Throws: std::runtime_error
if the complexity of
matching the expression against an N character string begins to exceed O(N2),
or if the program runs out of stack space while matching the expression (if
Boost.regex is configured in recursive mode),
or if the matcher exhausts it's permitted memory allocation (if Boost.regex is
configured in non-recursive mode).
regex_iterator(const regex_iterator& that);
Effects: constructs a copy of that
.
Postconditions: *this == that
.
regex_iterator& operator=(const regex_iterator&);
Effects: sets *this
equal to those in that
.
Postconditions: *this == that
.
bool operator==(const regex_iterator& that);
Effects: returns true if *this is equal to that.
bool operator!=(const regex_iterator&);
Effects: returns !(*this == that)
.
const value_type& operator*();
Effects: dereferencing a regex_iterator object it yields a const reference to a match_results object, whose members are set as follows:
Element |
Value |
(*it).size() |
re.mark_count() |
(*it).empty() |
false |
(*it).prefix().first |
The end of the last match found, or the start of the underlying sequence if this is the first match enumerated |
(*it).prefix().last |
(*it)[0].first |
(*it).prefix().matched |
(*it).prefix().first != (*it).prefix().second |
(*it).suffix().first |
(*it)[0].second |
(*it).suffix().last |
The end of the underlying sequence. |
(*it).suffix().matched |
(*it).suffix().first != (*it).suffix().second |
(*it)[0].first |
The start of the sequence of characters that matched the regular expression |
(*it)[0].second |
The end of the sequence of characters that matched the regular expression |
(*it)[0].matched |
|
(*it)[n].first |
For all integers n < (*it).size(), the start of the sequence that matched sub-expression n.
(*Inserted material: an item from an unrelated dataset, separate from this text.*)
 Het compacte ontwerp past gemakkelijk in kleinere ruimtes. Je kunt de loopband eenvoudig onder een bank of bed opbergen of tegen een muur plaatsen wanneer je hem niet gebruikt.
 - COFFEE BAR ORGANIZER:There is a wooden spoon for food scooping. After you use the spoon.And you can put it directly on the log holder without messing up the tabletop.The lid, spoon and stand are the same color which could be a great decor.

Alternatively, if sub-expression n did not participate in the match, then last. |
(*it)[n].second |
For all integers n < (*it).size(), the end of the sequence that matched sub-expression n. Alternatively, if sub-expression n did not participate in the match, then last. |
(*it)[n].matched |
For all integers n < (*it).size(), true if sub-expression n participated in the match, false otherwise. |
(*it).position(n) | For all integers n < (*it).size(), then the distance from the start of the underlying sequence to the start of sub-expression match n. |
const value_type* operator->();
Effects: returns &(*this)
.
regex_iterator& operator++();
Effects: moves the iterator to the next match in the underlying sequence, or the end of sequence iterator if none if found. When the last match found matched a zero length string, then the regex_iterator will find the next match as follows: if there exists a non-zero length match that starts at the same location as the last one, then returns it, otherwise starts looking for the next (possibly zero length) match from one position to the right of the last match.
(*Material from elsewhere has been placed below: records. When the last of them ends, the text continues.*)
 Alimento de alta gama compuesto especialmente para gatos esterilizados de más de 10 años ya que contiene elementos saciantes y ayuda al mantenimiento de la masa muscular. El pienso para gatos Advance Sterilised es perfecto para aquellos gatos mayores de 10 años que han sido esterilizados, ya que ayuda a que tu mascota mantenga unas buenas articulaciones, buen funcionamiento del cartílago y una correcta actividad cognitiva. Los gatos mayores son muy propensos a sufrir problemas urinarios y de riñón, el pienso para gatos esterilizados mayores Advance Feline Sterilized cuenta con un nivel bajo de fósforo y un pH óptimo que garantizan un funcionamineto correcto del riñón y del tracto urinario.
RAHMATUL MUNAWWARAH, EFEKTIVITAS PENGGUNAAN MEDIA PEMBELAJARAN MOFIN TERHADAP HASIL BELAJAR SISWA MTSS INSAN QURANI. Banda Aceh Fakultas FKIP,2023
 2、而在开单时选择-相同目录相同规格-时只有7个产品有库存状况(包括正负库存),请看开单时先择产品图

Throws: std::runtime_error
if the complexity of
matching the expression against an N character string begins to exceed O(N2),
or if the program runs out of stack space while matching the expression (if
Boost.regex is configured in recursive mode),
or if the matcher exhausts it's permitted memory allocation (if Boost.regex is
configured in non-recursive mode).
Returns: *this
.
regex_iterator operator++(int);
Effects: constructs a copy result
of *this
,
then calls ++(*this)
.
Returns: result
.
The following example takes a C++ source file and builds up an index of class names, and the location of that class in the file.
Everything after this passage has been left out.